(Dataset excerpts)

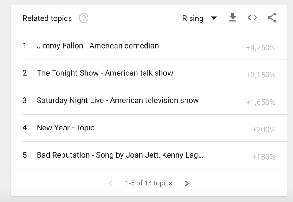 Google mengambil contoh hasil pencarian terhadap Tayor Swift. Saat kamu mengetik namanya di mesin pencarian google, coba kamu memperhatikan ada judul tambahan yang muncul dalam hasil pencarian yang dilist, dan “penyanyi dan penulis lagu amerika” adalah kata kunci yang kamu cari. Saat kamu meng-klik pencarian itu, kamu akan menemukan sebuah halaman yang menunjukkan hasil pencarian terhadap topik itu di Amerika selama seminggu belakangan. Jika kamu ingin mencari lebih dalam mengenai berita lama di internet, klik tombol di atas bagian kanan (akan merubah ke pengaturan awal ke ‘Web Search’) dan pilih Pencarian Gambar, Pencarian Berita, Google Shopping atau Pencarian Youtube. Selain itu, kamu juga bisa menemukan usulan ide dan topik lainnya yang sesuai dengan minat kamu.
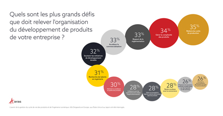 L’étude Aras 2025 met en évidence les principaux défis en matière de développement de produits qui motivent cette évolution : 35 % des entreprises citent les coûts de production comme leur principal obstacle, 34 % luttent contre la complexité des produits, tandis que la conformité réglementaire et l’accélération des délais de mise sur le marché préoccupent 33 % des dirigeants interrogés. Le développement durable reste important, 32 % des entreprises soulignant le rôle croissant qu’il joue dans la planification stratégique.
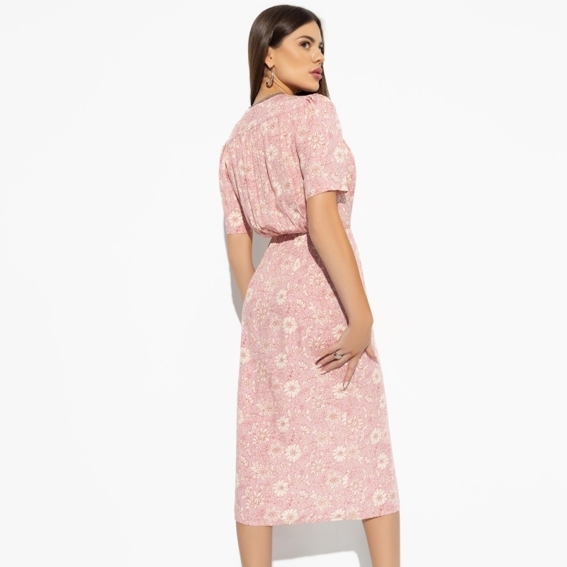 Платье изготовлено из высококачественного штапеля, который на 100% состоит из вискозы. Этот материал обеспечивает мягкость, легкость и комфорт. Ткань приятна на ощупь, дышащая и не вызывает раздражения на коже, что позволяет вам чувствовать себя комфортно в течение всего дня. Платье сохраняет свою форму и цвет даже после множества стирок, оставаясь таким же ярким и привлекательным.
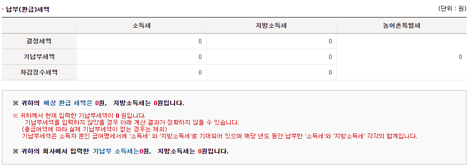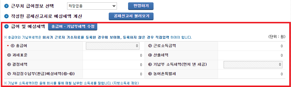 회사가 근로자의 기초자료를 미리 등록할 경우 바로 확이할 수 있지만 대게 입력되지 않는 경우가 많습니다. 그 경우 총 급여 기납부세액 수정 버튼을 클릭하여 지난해 총 급여액과 기납부세액을 기재합니다. 수정된 내용을 작성 후 나머지 항목들이 자동계산되어 '차감징수납부예상세액'에서 연말정산환급금을 받을 수 있습니다.
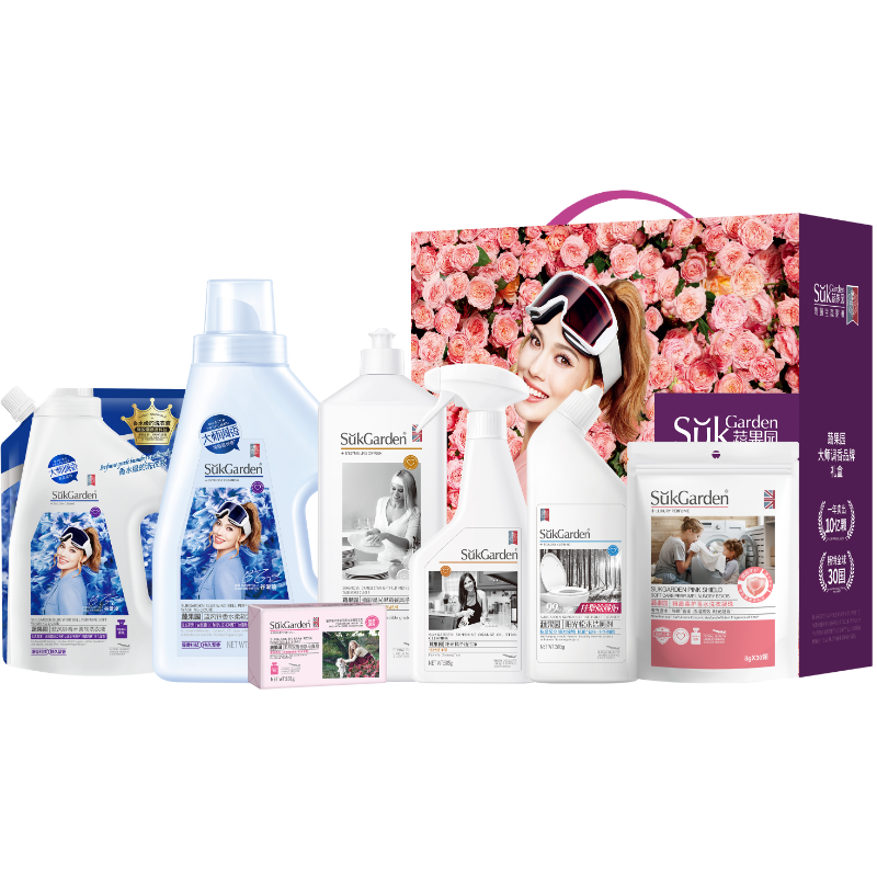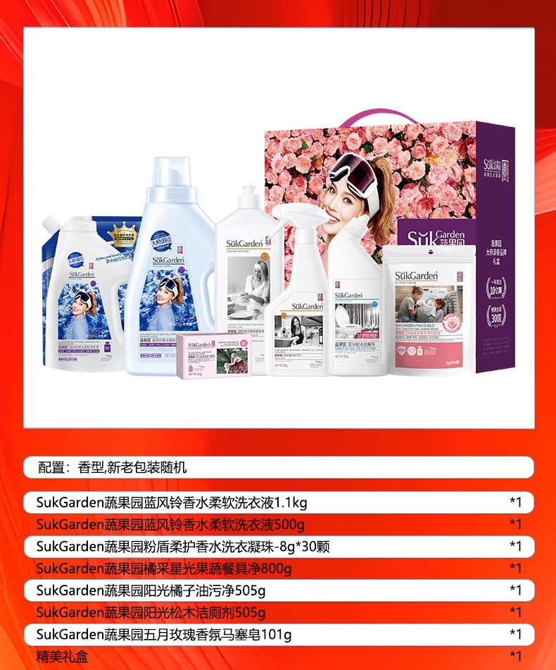 配置清单:配置明细:新老包装随机发货 SukGarden蔬果园蓝风铃香水柔软洗衣液(持久留香)1.1kg*1 SukGarden蔬果园蓝风铃香水柔软洗衣液(持久留香)(带嘴) 500g*1 SukGarden蔬果园粉盾柔护香水洗衣凝珠-8g*30颗(袋装)*1 SukGarden蔬果园橘采星光果蔬餐具净(食用级安全无残留)800g*1 SukGarden蔬果园阳光橘子油污净(强效洁净型)505g*1 SukGarden蔬果园阳光松木洁厕剂(强效去垢型)505g*1 SukGarden蔬果园五月玫瑰香氛马塞皂101g*1 精美礼盒ZS198*1

- _Assignment_:
In the records above, find the line containing "L’étude Aras 2025", then please restate it and each line after it word for word, pictures excluded.

- _Output for this exercise_:
 L’étude Aras 2025 met en évidence les principaux défis en matière de développement de produits qui motivent cette évolution : 35 % des entreprises citent les coûts de production comme leur principal obstacle, 34 % luttent contre la complexité des produits, tandis que la conformité réglementaire et l’accélération des délais de mise sur le marché préoccupent 33 % des dirigeants interrogés. Le développement durable reste important, 32 % des entreprises soulignant le rôle croissant qu’il joue dans la planification stratégique.
 Платье изготовлено из высококачественного штапеля, который на 100% состоит из вискозы. Этот материал обеспечивает мягкость, легкость и комфорт. Ткань приятна на ощупь, дышащая и не вызывает раздражения на коже, что позволяет вам чувствовать себя комфортно в течение всего дня. Платье сохраняет свою форму и цвет даже после множества стирок, оставаясь таким же ярким и привлекательным.
 회사가 근로자의 기초자료를 미리 등록할 경우 바로 확이할 수 있지만 대게 입력되지 않는 경우가 많습니다. 그 경우 총 급여 기납부세액 수정 버튼을 클릭하여 지난해 총 급여액과 기납부세액을 기재합니다. 수정된 내용을 작성 후 나머지 항목들이 자동계산되어 '차감징수납부예상세액'에서 연말정산환급금을 받을 수 있습니다.
 配置清单:配置明细:新老包装随机发货 SukGarden蔬果园蓝风铃香水柔软洗衣液(持久留香)1.1kg*1 SukGarden蔬果园蓝风铃香水柔软洗衣液(持久留香)(带嘴) 500g*1 SukGarden蔬果园粉盾柔护香水洗衣凝珠-8g*30颗(袋装)*1 SukGarden蔬果园橘采星光果蔬餐具净(食用级安全无残留)800g*1 SukGarden蔬果园阳光橘子油污净(强效洁净型)505g*1 SukGarden蔬果园阳光松木洁厕剂(强效去垢型)505g*1 SukGarden蔬果园五月玫瑰香氛马塞皂101g*1 精美礼盒ZS198*1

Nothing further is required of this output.